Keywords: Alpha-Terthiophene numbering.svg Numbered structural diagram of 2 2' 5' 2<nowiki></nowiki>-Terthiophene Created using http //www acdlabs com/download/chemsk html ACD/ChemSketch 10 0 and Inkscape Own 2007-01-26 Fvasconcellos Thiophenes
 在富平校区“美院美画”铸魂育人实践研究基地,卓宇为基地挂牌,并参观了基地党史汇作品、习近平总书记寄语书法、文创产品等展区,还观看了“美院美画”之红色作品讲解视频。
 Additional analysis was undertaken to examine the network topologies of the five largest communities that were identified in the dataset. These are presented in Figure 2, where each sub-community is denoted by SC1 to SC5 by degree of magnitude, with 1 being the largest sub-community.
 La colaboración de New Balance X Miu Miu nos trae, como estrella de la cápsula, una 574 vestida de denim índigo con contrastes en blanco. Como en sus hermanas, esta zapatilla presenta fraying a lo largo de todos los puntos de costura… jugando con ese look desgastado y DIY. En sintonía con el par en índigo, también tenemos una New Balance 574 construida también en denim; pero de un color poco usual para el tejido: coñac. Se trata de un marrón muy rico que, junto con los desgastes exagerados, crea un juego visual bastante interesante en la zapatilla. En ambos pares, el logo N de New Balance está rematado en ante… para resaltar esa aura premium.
***
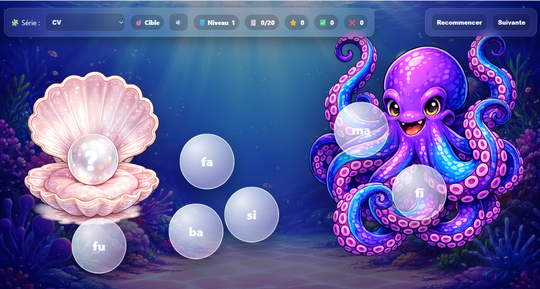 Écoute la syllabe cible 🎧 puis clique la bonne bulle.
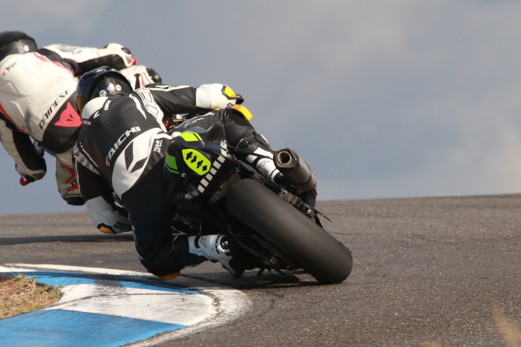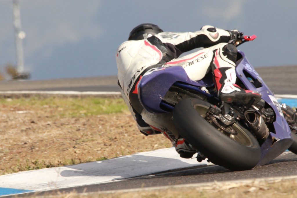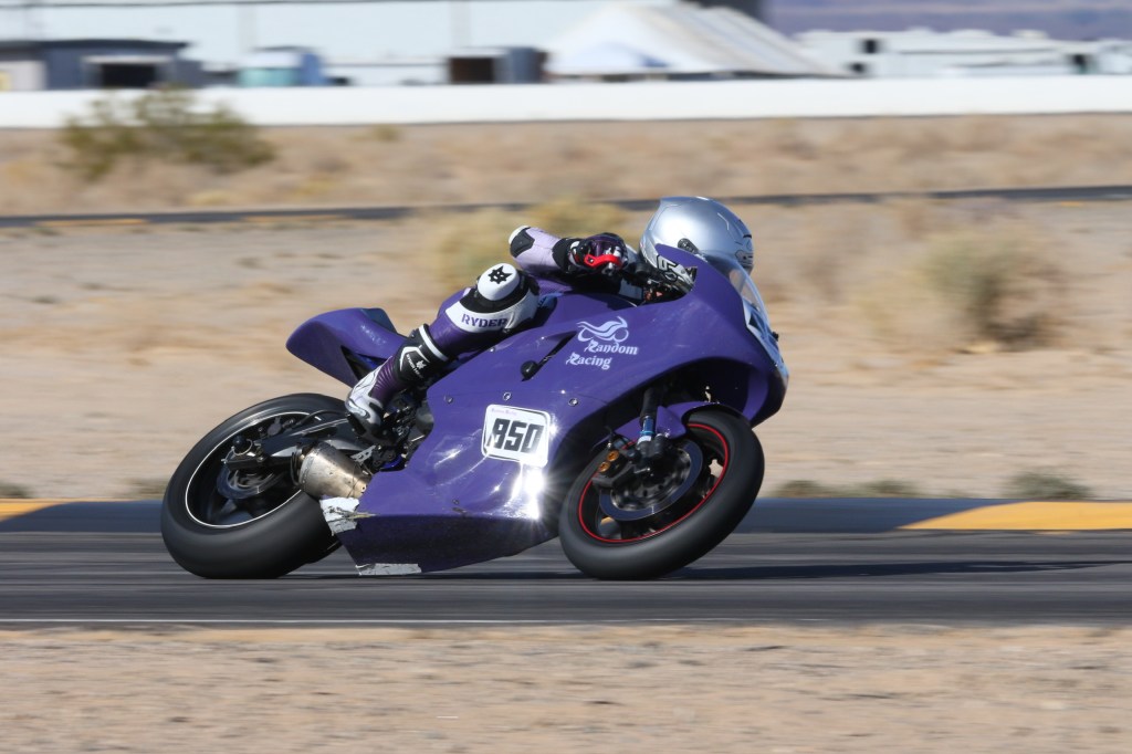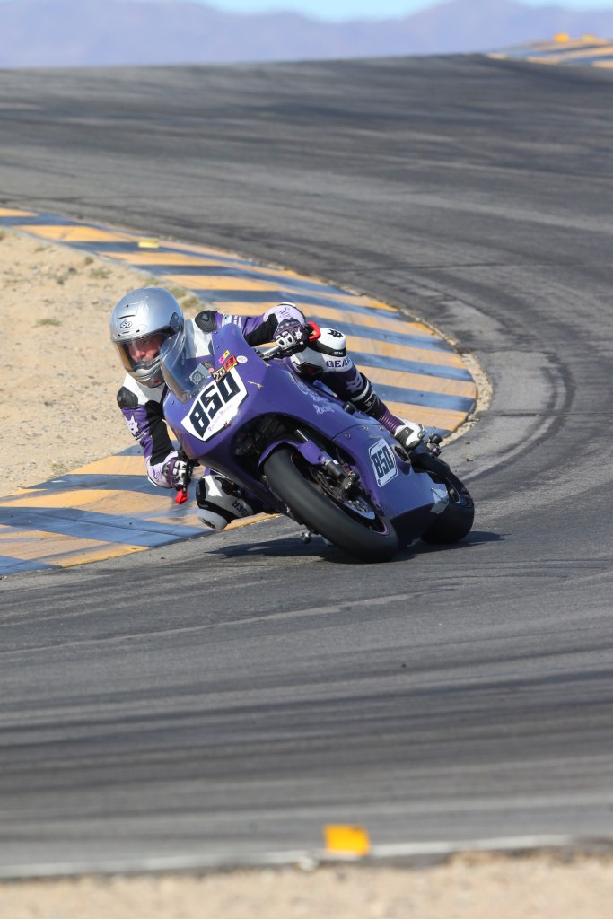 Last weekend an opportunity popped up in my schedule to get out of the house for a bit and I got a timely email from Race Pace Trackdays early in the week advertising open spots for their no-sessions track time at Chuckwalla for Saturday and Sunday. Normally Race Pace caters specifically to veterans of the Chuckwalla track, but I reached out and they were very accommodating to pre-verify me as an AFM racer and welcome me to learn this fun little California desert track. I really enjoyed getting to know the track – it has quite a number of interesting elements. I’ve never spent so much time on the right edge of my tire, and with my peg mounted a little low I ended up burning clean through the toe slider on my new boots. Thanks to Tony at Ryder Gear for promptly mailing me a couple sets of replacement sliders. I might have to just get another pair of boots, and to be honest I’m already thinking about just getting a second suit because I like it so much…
***
*PROBLEM TO WORK ON*.
From the data above, return every line from the line that has "Additional analysis was" up to and including the line that has "La colaboración de", exactly.

*EXERCISE SOLUTION*.
 Additional analysis was undertaken to examine the network topologies of the five largest communities that were identified in the dataset. These are presented in Figure 2, where each sub-community is denoted by SC1 to SC5 by degree of magnitude, with 1 being the largest sub-community.
 La colaboración de New Balance X Miu Miu nos trae, como estrella de la cápsula, una 574 vestida de denim índigo con contrastes en blanco. Como en sus hermanas, esta zapatilla presenta fraying a lo largo de todos los puntos de costura… jugando con ese look desgastado y DIY. En sintonía con el par en índigo, también tenemos una New Balance 574 construida también en denim; pero de un color poco usual para el tejido: coñac. Se trata de un marrón muy rico que, junto con los desgastes exagerados, crea un juego visual bastante interesante en la zapatilla. En ambos pares, el logo N de New Balance está rematado en ante… para resaltar esa aura premium.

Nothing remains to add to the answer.